* **Record excerpts**:

▼▼▼

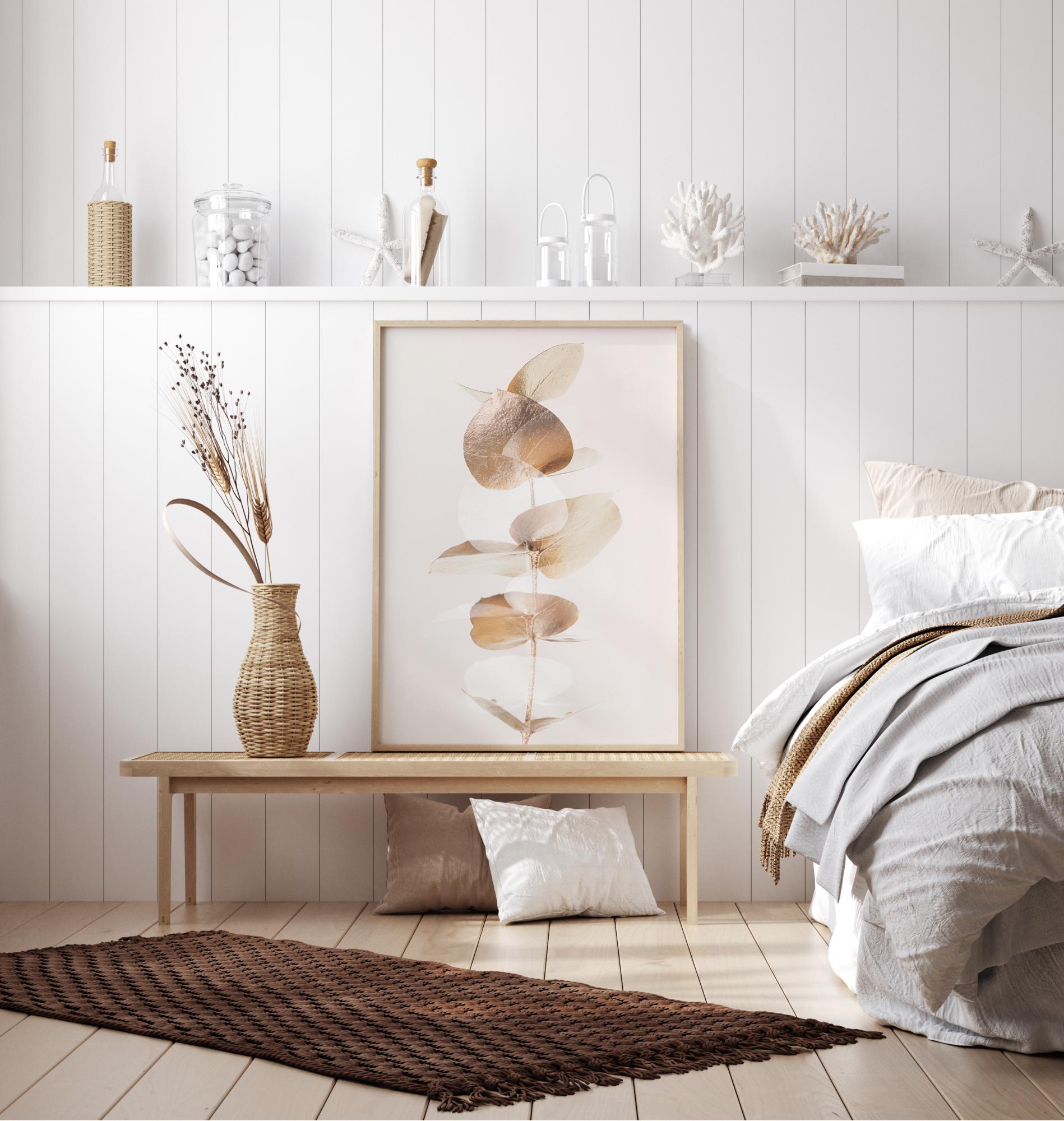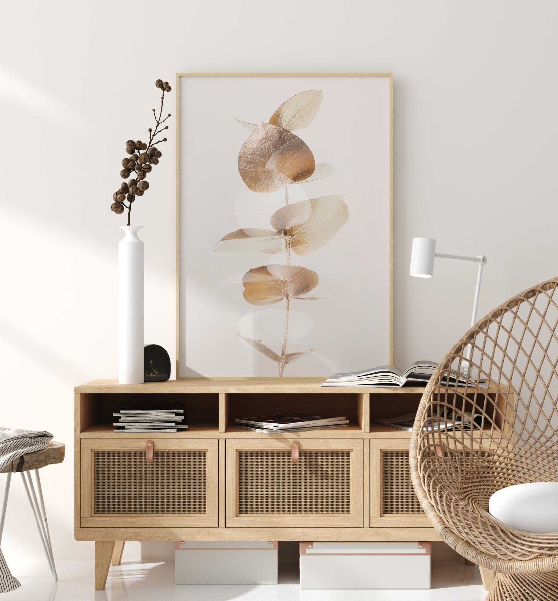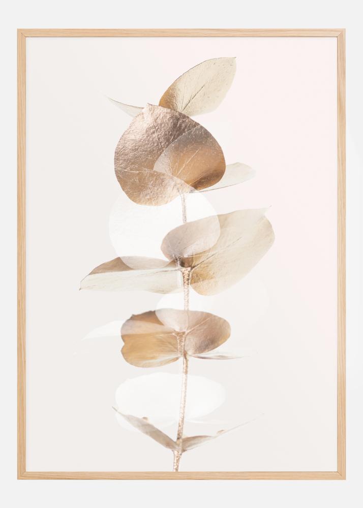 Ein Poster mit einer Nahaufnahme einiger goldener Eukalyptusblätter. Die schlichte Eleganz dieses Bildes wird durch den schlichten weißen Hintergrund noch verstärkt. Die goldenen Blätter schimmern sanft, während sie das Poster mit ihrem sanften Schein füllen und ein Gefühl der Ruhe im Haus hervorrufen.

▲▲▲
▼▼▼

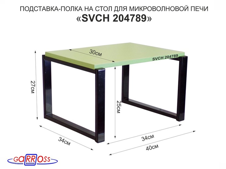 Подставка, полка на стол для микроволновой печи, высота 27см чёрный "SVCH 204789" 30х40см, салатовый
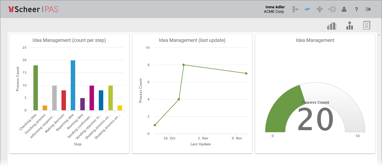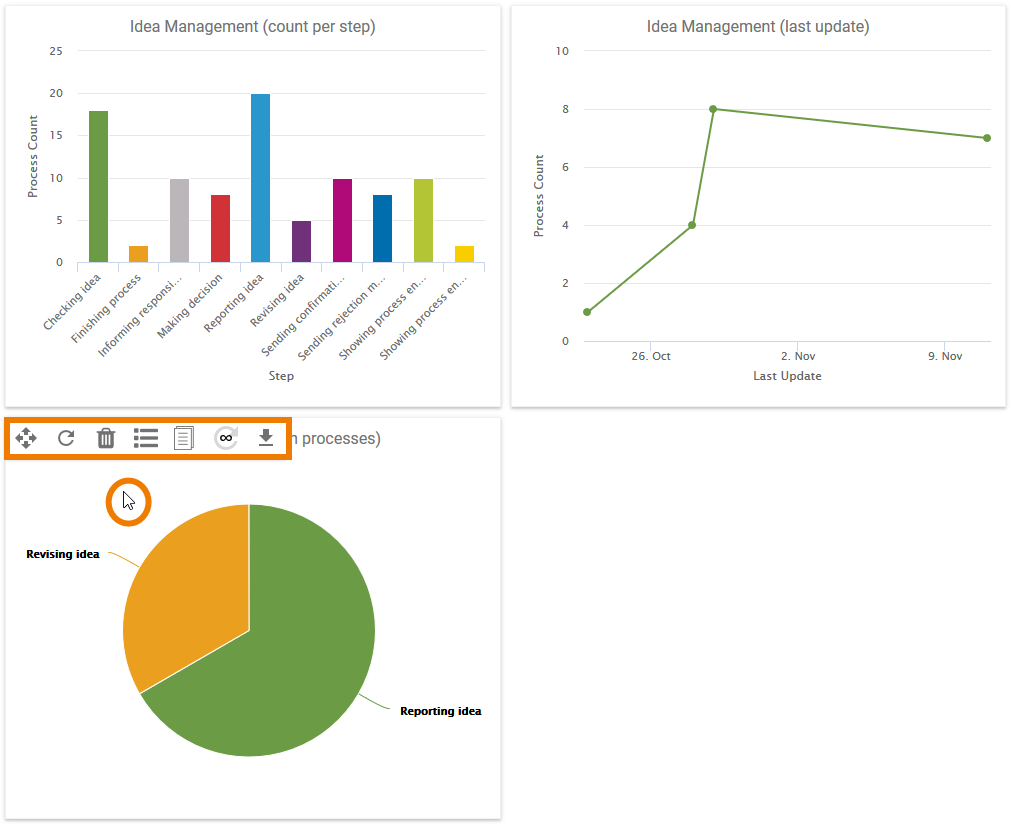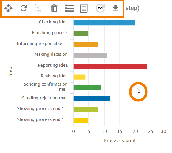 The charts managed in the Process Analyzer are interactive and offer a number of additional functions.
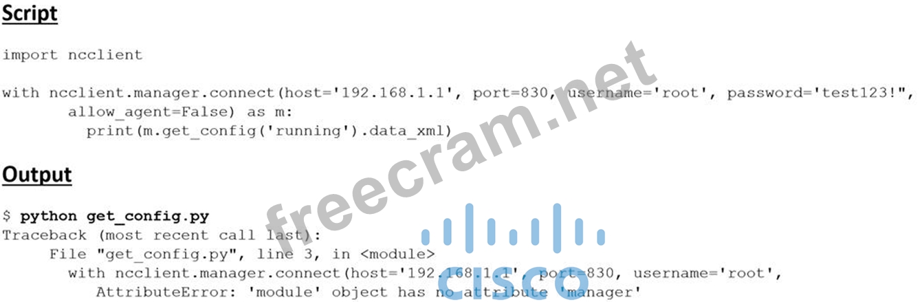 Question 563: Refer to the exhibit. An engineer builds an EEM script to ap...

▲▲▲

* **Task instructions**:
Transcribe, from the material above, the stretch starting at the line with "The charts managed" and ending at the line with "Question 563: Refer", both included, exactly. Do not carry over pictures.

* **Answer to this exercise**:
 The charts managed in the Process Analyzer are interactive and offer a number of additional functions.
 Question 563: Refer to the exhibit. An engineer builds an EEM script to ap...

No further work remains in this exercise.